“ BioTime would contribute to BAC $5 million in cash, $30 million of BioTime common shares, warrants to purchase eight (8) million common shares of BioTime at a pre-specified price, rights to use certain human embryonic stem cell lines, and minority stakes in two of BioTime’s subsidiaries. In addition, a private investor would invest $5 million in cash in BAC.
“Following consummation of the potential transaction, Geron stockholders would receive shares representing 21.4% of the common stock of BAC as well as warrants to purchase 8 million shares of BioTime common stock at a pre-specified price. BioTime would own approximately 71.6%, and a private investor would own approximately 7.0% of the outstanding BAC common stock for their $5 million investment. BioTime would also receive warrants that would enable it to increase its ownership in BAC by approximately 2%, which would reduce the Geron stockholders’ ownership in BAC to 19.2%. BAC would also be committed to pay to Geron royalties on the sale of products that are commercialized in reliance upon Geron patents acquired by BAC.”
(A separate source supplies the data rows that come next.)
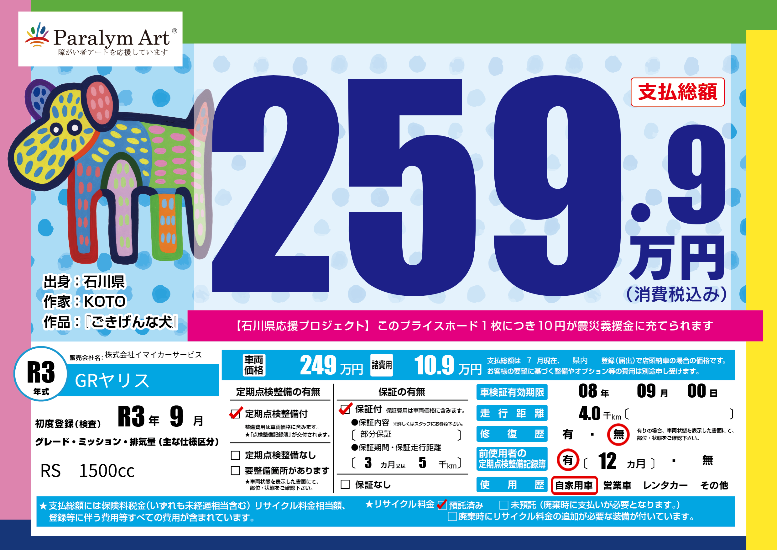 | 走行キロ | 0.4万km | 初年度登録 | R3年9月 |
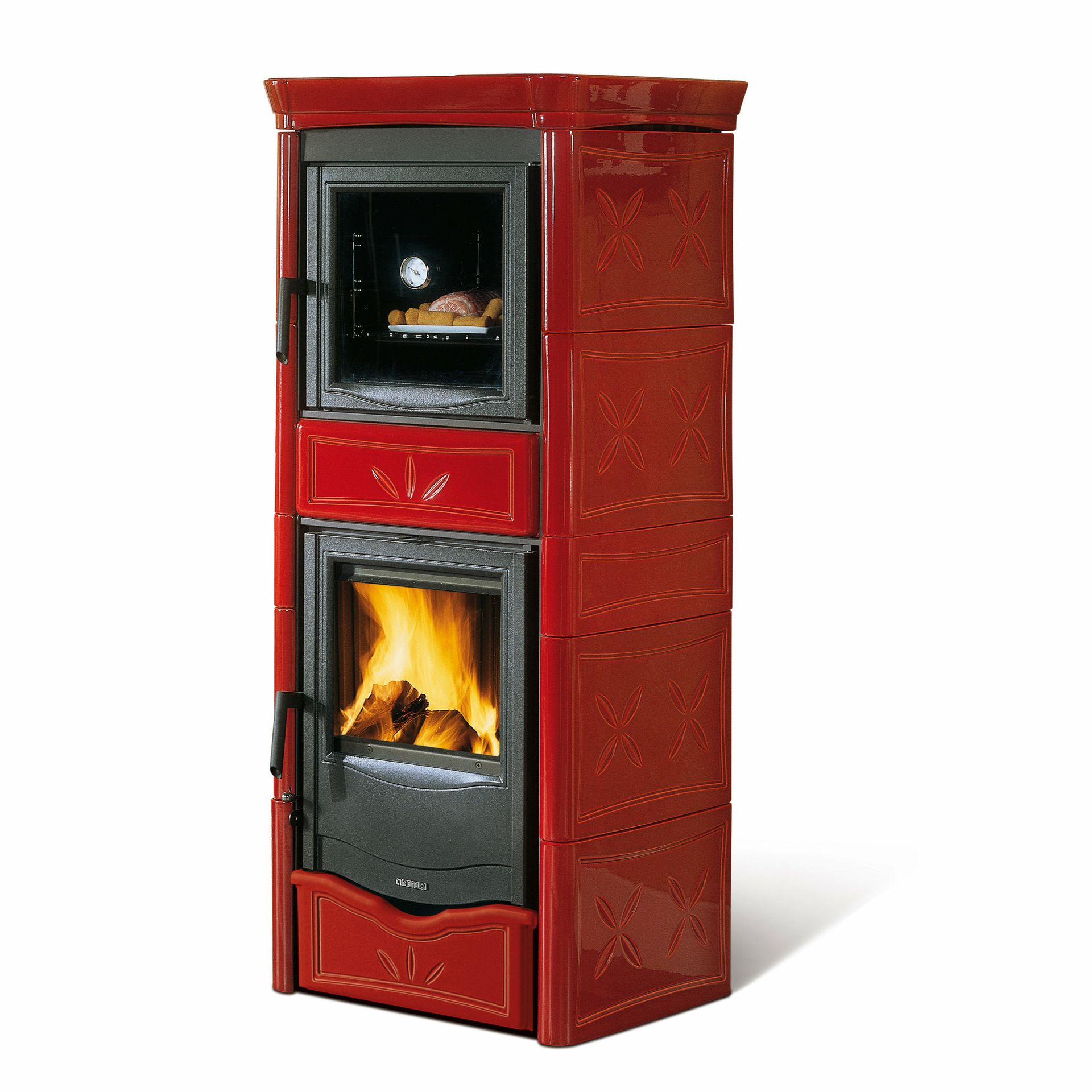 Wood burning stove with hand-crafted majolica cladding. Enameled cast iron doors. Internal facing of the hearth in cast iron. Ceramic glass with a wide fire vision.
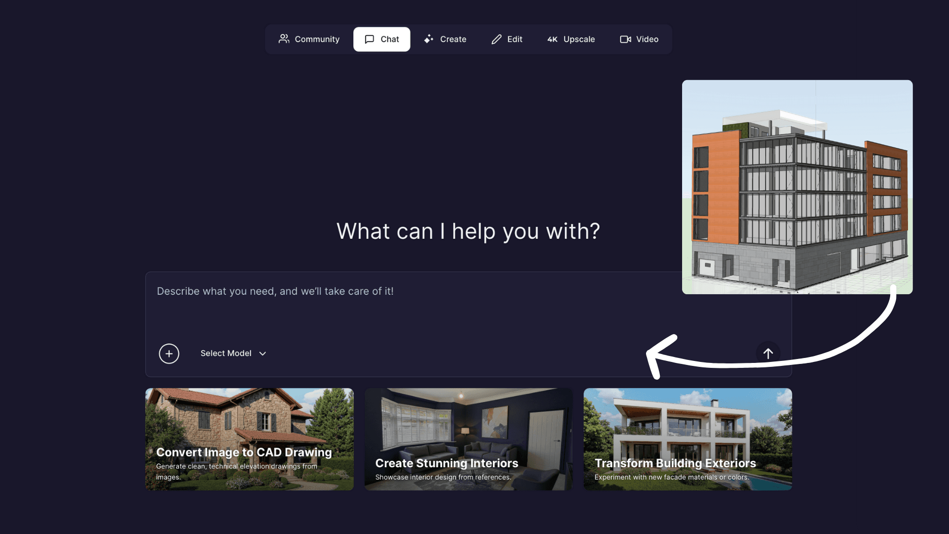Avec Rendair AI, vous pouvez créer, modifier et réparer des visuels de bâtiment. Passez des blocs aux rendus finaux.
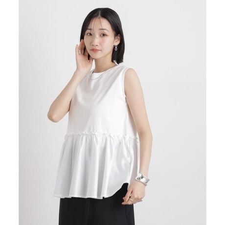 異素材コンビのデザインが一枚で主役になるドッキングトップス。たっぷり入ったギャザーのペプラムデザインが、ウエスト周りを自然にカバーしてくれるのも嬉しいポイント。ジャケットやカーディガンに合わせたり、クロップド丈のトップスとレイヤードさせたりと、ロングシーズン重宝するアイテムです。
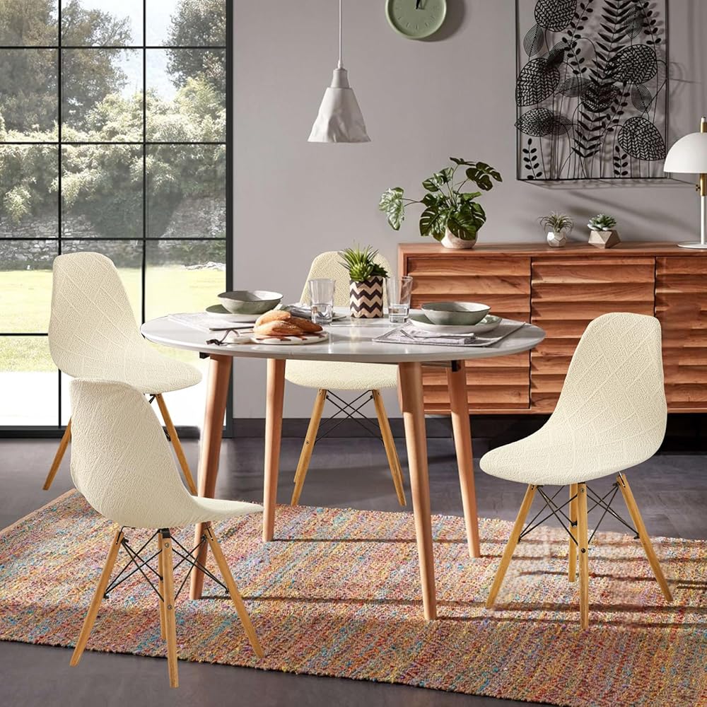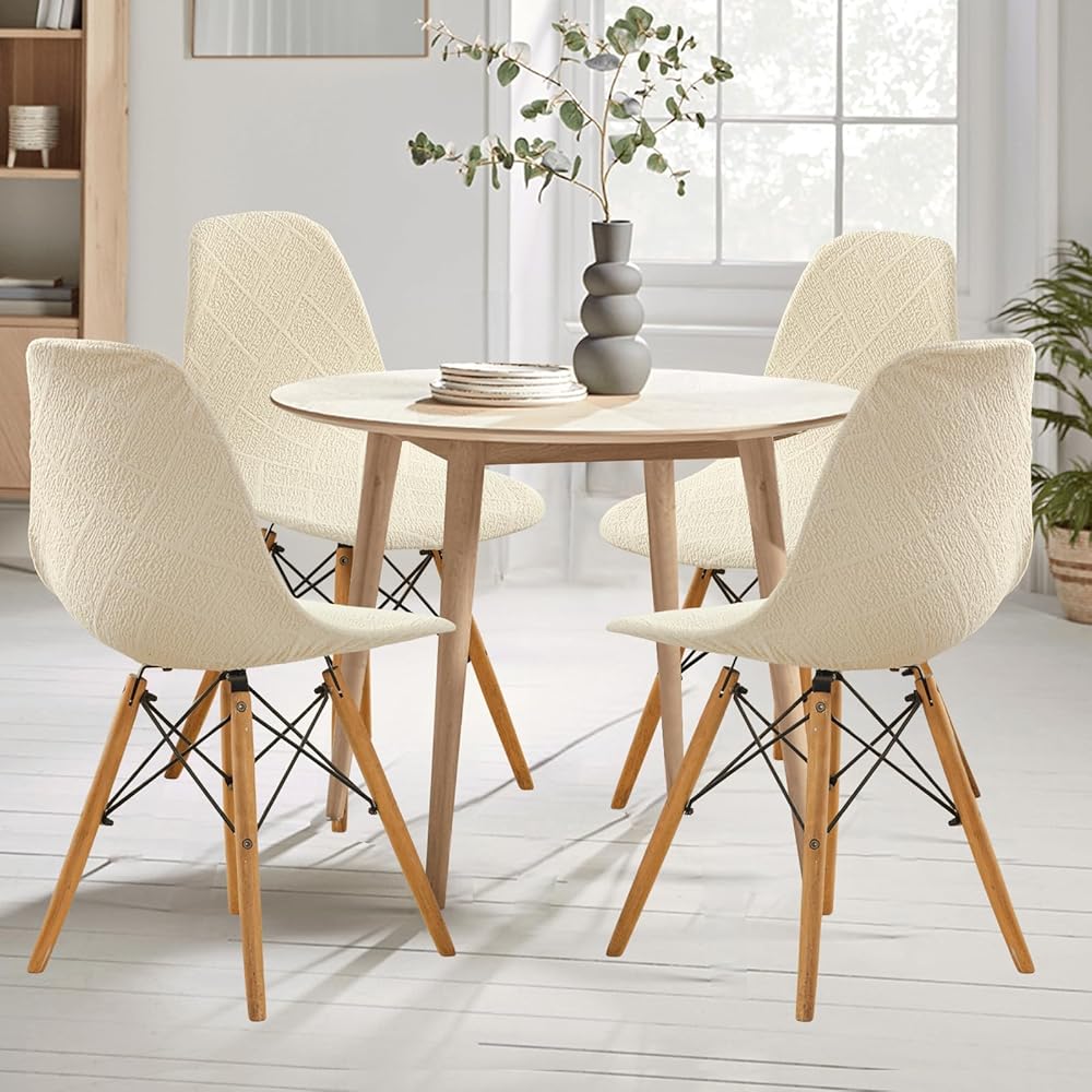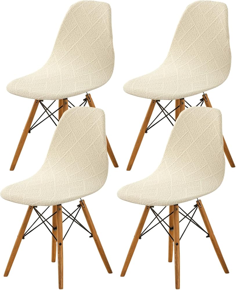 أغطية كرسي الطعام مجموعة من 4 ، منتصف القرن ، كرسي غرفة الطعام الحديثة يغطي غطاء كرسي جاكار قذيفة ، والكرسي غير القابل للذراع المطبخ للمطبخ ، والمكتب ، وغرفة الطعام ، وغرفة المعيشة
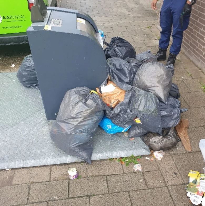 SCHIEDAM - Deze hopeloze hoop vuil is op zondag door de afdeling Toezicht & Handhaving van de gemeente verwijderd en uitgeplozen. Drie foutieve bijplaatsers konden daardoor achterhaald worden. Zij krijgen elk een bekeuring van 150 euro.
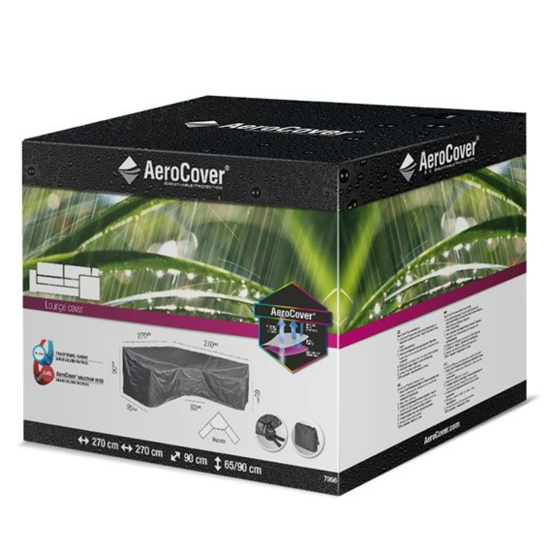 Loungesethoes voor hoeksets van AeroCover. Ademende loungesethoes voor loungeset met grote hoek of trapeze hoek en hoge rug 270x270x90xh65/90cm.
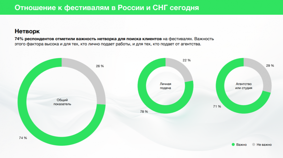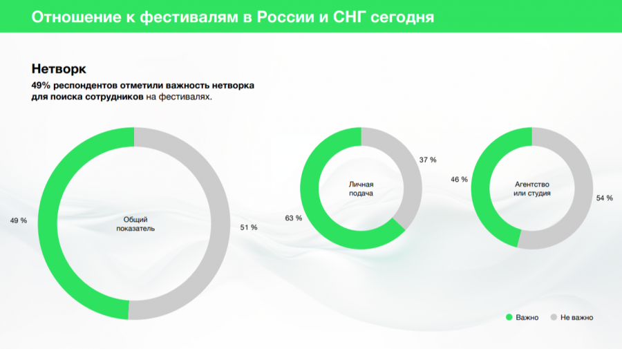 Респонденты отметили, что фестивали полезны нетворкингом. Согласно опросу, 67% участников рынка назвали важным нетворк на мероприятии важным для поиска партнёров на фестивалях. При этом для фрилансеров этот критерий важнее (81%), чем для агентств (58%).
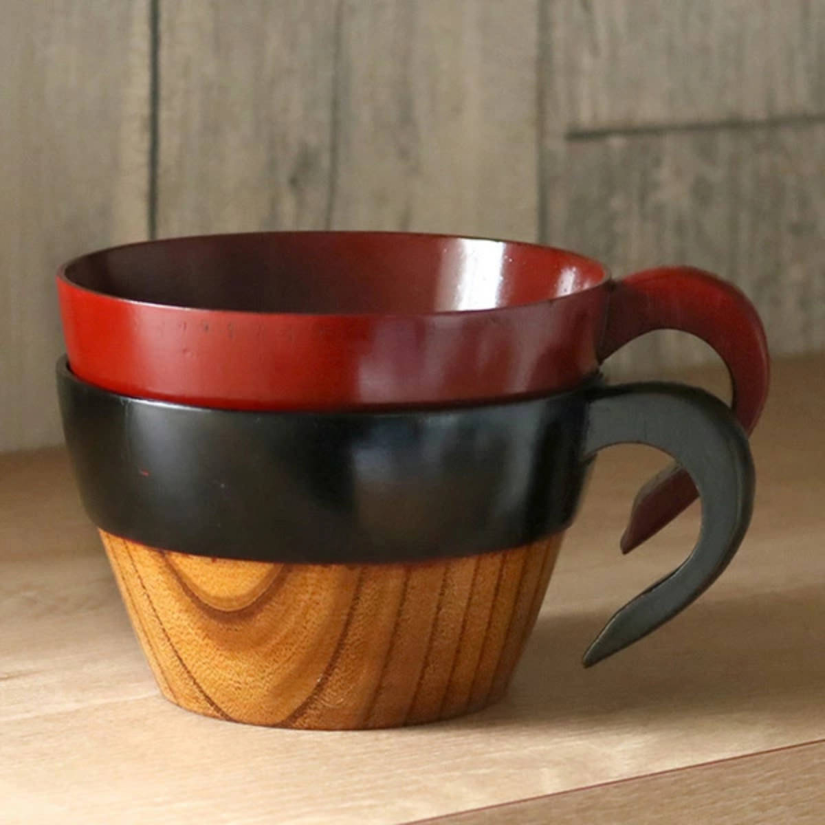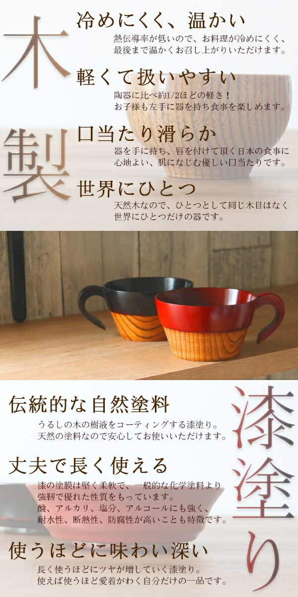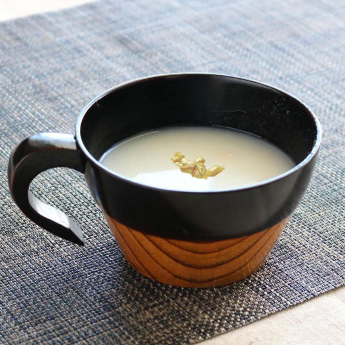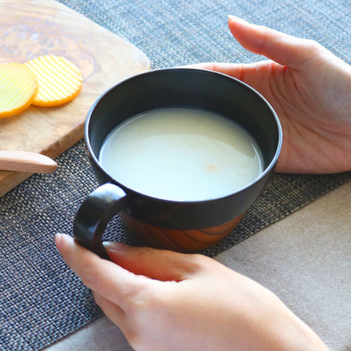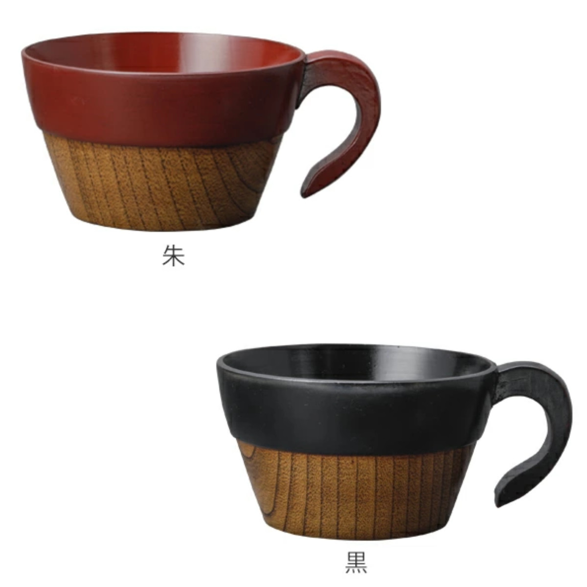 スープカップ 350ml 漆 ツートン 木製 ( 食器 天然木 スープマグ お椀 椀 スープボウル 木目調 汁椀 スタッキング スープ スープ椀 カップ ボウル マグ 味噌汁椀 吸物椀 根来 曙 塗り 器 漆塗り 木製食器 和風 和食器 )
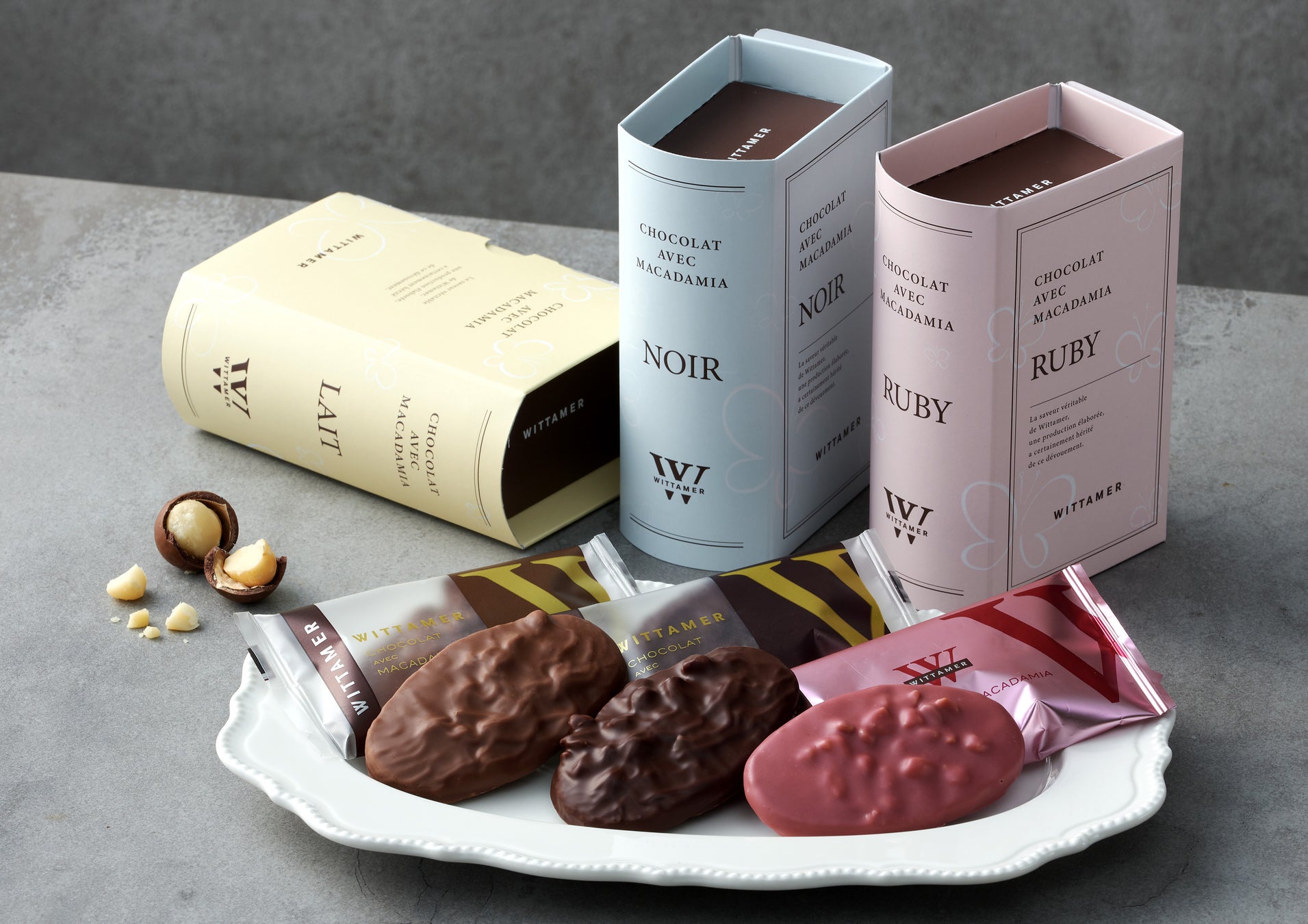 プチギフトとして毎年人気の「マカダミア・プティ・ブック」が今年も登場します。大切な人へ想いを届ける蝶を描いたブック型のパッケージに、マカダミア・ショコラを詰め合わせました。定番の「ミルク」と「ダーク」に加え、期間限定フレーバーの「ルビー」をご用意。贈り物はもちろん、ご自宅用やおやつとして、気になる味の食べ比べにもおすすめです。ナッツやチョコレートの風味を引き立てた3つの味わいをお楽しみください。
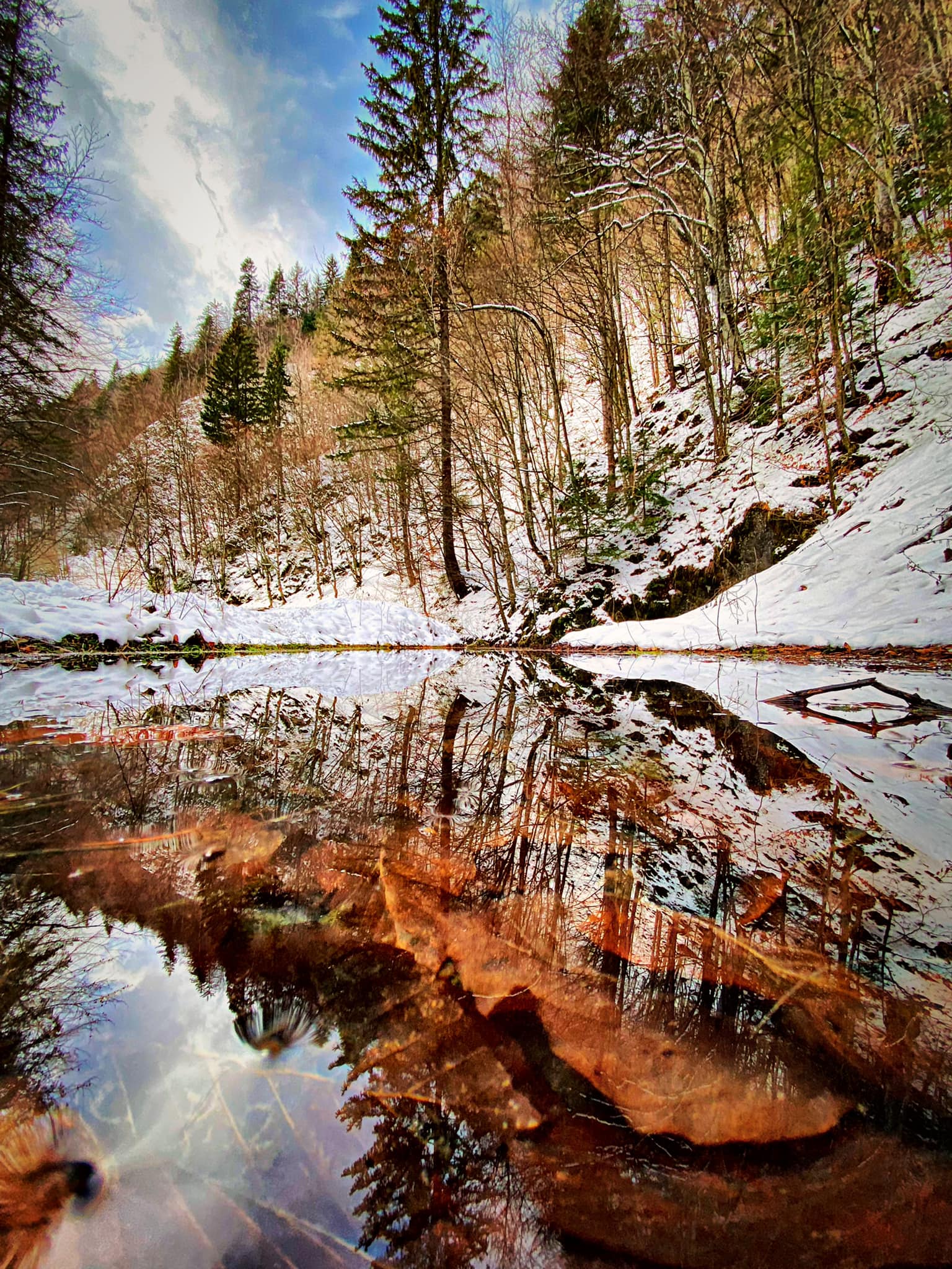 Dus - intors, 8km de plimbare prin zapada. Aproape doua ore de clatit ochii cu peisaje superbe si incarcat cu energie pozitiva.
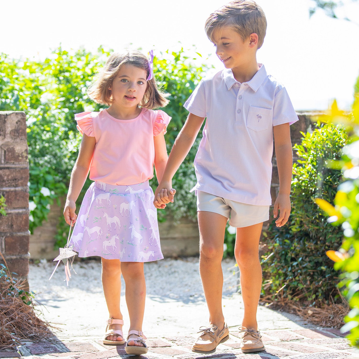 Pair with our Girls Ruffle Neck Polos for a great look. She will be so ready to celebrate the beauty of these mythical creatures. Perfect for all fun activities, and for enjoying the spring and summer weather! And with our Unicorn collection, the matching sibling outfits will make a great photo opp!

“The offer couldn’t come at a better time for Geron, which in recent months has started to feel pressure from its shareholders to boost its stock price and move products through the pipeline. Since last November, when the company announced its decision to shutter its hESC and regenerative medicine business and funnel its resources into developing telomerase-related treatments for cancer, the stock price has dropped more than 50 percent to $1.30 a share. Geron claimed the move was simply to save money, but many took the decision—which effectively terminated a clinical trial of an hESC treatment for spinal cord injury—as a setback for the entire field."News coverage of yesterday's announcement was light. Here is a link to a piece by Ryan McBride on Fierce Biotech.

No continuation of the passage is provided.